Substitute 4.64 into 4.58. then we see that the normalization constants cancel and we are left with \begin{align*} a &= -0.5\left(x\Sigma^Tx - x\Sigma \mu_1 - \mu_1^T\Sigma x +\mu_1^T\Sigma \mu_1 - x\Sigma^Tx +x\Sigma \mu_2+ x\Sigma \mu_2 - \mu_2^T\Sigma \mu_2 \right) + \log \frac{p(C_1)}{p(C_2)} \\ &=( \mu_1-\mu_2)^T\Sigma^{-1}x - 0.5\left(\mu_1^T\Sigma^{-1}\mu_1 - mu_2^T\Sigma \mu_2\right)+ \log \frac{p(C_1)}{p(C_2)} \end{align*} Substituting this into the right-most form of (4.57) we obtain (4.65), with $w$ and $w0$ given by (4.66) and (4.67), respectively.

• [3] (###) (see Bishop exercise 4.9).

The Log-likelihood is given by $$\log p(\{\phi_n,t,n\} | \{\pi_k\}) = \sum_n \sum_k t_{nk}\left(\log p(\phi_n|C_k) + \log \pi_k\right)\,.$$ Using the method of Lagrange multipliers (Bishop app.E), we augment the log-likelihood with the constraint and obtain the Lagrangian $$\log p(\{\phi_n,t_{nk}\} | \{\pi_k\})+\lambda \left(\sum_k \pi_k -1 \right)\,.$$ In order to maximize, we set the derivative with respect to $\pi_k$ equal to zero and obtain \begin{align*} \sum_n \frac{t_{nk}}{\pi_k}+\lambda &=0 \\ -\pi_k\lambda &=\sum_n t_{nk} = N_k \\ -\lambda \sum_k \pi_k &= \sum_k \sum_n t_{nk} \\ \lambda &= -N \end{align*}

• [4] (##) (see Bishop exercise 4.10).

We can write the log-likelihood as \begin{align*} \log p(\{\phi_n,t_n\}|\{\pi_k\}) \propto -0.5\sum_n\sum_kt_{nk}\left(\log |\Sigma|+(\phi_n-\mu_k)^T\Sigma^{-1}(\phi-\mu)\right) \end{align*} The derivatives of the likelihood with respect to mean and shared covariance are respectively \begin{align*} \nabla_{\mu_k}\log p(\{\phi_n,t_n\}|\{\pi_k\}) &= \sum_n\sum_k t_{nk}\Sigma^{-1}\left(\phi_n-\mu_k\right) = 0 \\ \sum_n t_{nk}\left(\phi_n-\mu_k\right))&=0 \\ \mu_k &= \frac{1}{N_k}\sum_n t_{nk}\phi_n \\ \nabla_{\Sigma}\log p(\{\phi_n,t_n\}|\{\pi_k\})&=\sum_n\sum_k t_{nk}\left(\Sigma - (\phi_n-\mu_k)(\phi_n-\mu_k)^T\right) = 0 \\ \sum_n\sum_k t_{nk}\Sigma &= \sum_n\sum_k t_{nk}(\phi_n-\mu_k)(\phi_n-\mu_k)^T \\ \Sigma &= \frac{1}{N}\sum_k\sum_n t_{nk}(\phi_n-\mu_k)(\phi_n-\mu_k)^T \end{align*}

### Discriminative Classification¶

• [1] Given a data set $D=\{(x_1,y_1),\ldots,(x_N,y_N)\}$, where $x_n \in \mathbb{R}^M$ and $y_n \in \{0,1\}$. The probabilistic classification method known as logistic regression attempts to model these data as $$p(y_n=1|x_n) = \sigma(\theta^T x_n + b)$$ where $\sigma(x) = 1/(1+e^{-x})$ is the logistic function.
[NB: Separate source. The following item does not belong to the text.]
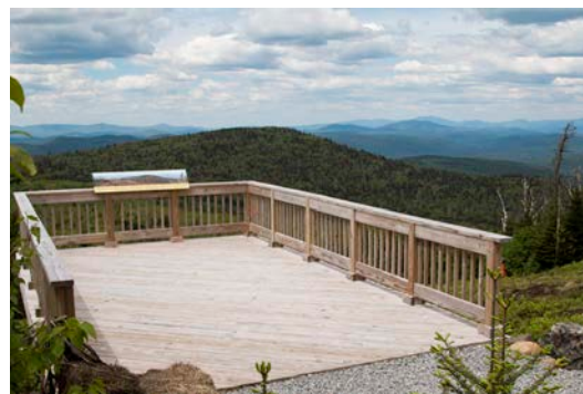
The Fairview Deck

Let's introduce shorthand notation $\mu_n=\sigma(\theta^T x_n + b)$. So, for every input $x_n$, we have a model output $\mu_n$ and an actual data output $y_n$.
(a) Express $p(y_n|x_n)$ as a Bernoulli distribution in terms of $\mu_n$ and $y_n$.
(b) If furthermore is given that the data set is IID, show that the log-likelihood is given by $$L(\theta) \triangleq \log p(D|\theta) = \sum_n \left\{y_n \log \mu_n + (1-y_n)\log(1-\mu_n)\right\}$$
(c) Prove that the derivative of the logistic function is given by $$\sigma^\prime(\xi) = \sigma(\xi)\cdot\left(1-\sigma(\xi)\right)$$
(d) Show that the derivative of the log-likelihood is $$\nabla_\theta L(\theta) = \sum_{n=1}^N \left( y_n - \sigma(\theta^T x_n +b)\right)x_n$$
(e) Design a gradient-ascent algorithm for maximizing $L(\theta)$ with respect to $\theta$.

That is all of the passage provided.